Title
AWS re:Invent 2022 - Improving resiliency with the correction of error process (ARC308)
Summary
- Juan Osa and Johnny Hanley from AWS presented on improving resiliency through the Correction of Error (COE) process.
- The COE process is crucial for identifying root causes, documenting them, and sharing knowledge to prevent future recurrences of issues.
- The session covered the importance of creating a culture that encourages learning from mistakes without assigning blame.
- The speakers detailed the components of a COE, including detection, response, learning, and decoupling analysis from the event.
- An example scenario was provided to illustrate the COE process in action, involving an application with S3 and Lambda services.
- A demo of AWS Systems Manager Incident Manager was given to show how to document COEs digitally within the AWS console.
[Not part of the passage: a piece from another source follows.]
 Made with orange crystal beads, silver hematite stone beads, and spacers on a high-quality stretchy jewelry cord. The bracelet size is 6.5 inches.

- The talk concluded with strategies for cultivating a COE culture within an organization, including establishing a community of practice and identifying champions.
Insights
- The COE process is a structured approach to learning from operational failures, emphasizing the importance of documentation and knowledge sharing.
- AWS Systems Manager Incident Manager can be used to manage and document incidents and COEs, providing templates and integration with other AWS services.
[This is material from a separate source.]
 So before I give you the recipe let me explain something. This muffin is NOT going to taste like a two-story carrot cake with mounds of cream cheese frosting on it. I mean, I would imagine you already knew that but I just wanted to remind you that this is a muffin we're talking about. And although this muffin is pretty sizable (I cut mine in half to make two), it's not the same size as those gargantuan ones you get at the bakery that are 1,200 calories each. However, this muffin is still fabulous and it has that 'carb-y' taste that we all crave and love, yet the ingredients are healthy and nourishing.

- Creating a COE culture requires a safe environment where team members can freely share information without fear of blame or punishment.
- The process of COE involves a detailed analysis, including a timeline of events, metrics, event questions, and the "five whys" technique to drill down to root causes.
- Action items derived from COEs should have clear ownership and deadlines to ensure that improvements are implemented effectively.
- Cultivating a COE culture involves training and empowering champions within the organization to spread best practices and facilitate continuous improvement.
- The session highlighted the importance of mechanisms over good intentions, suggesting that structured processes like COEs are necessary to drive organizational learning and improvement.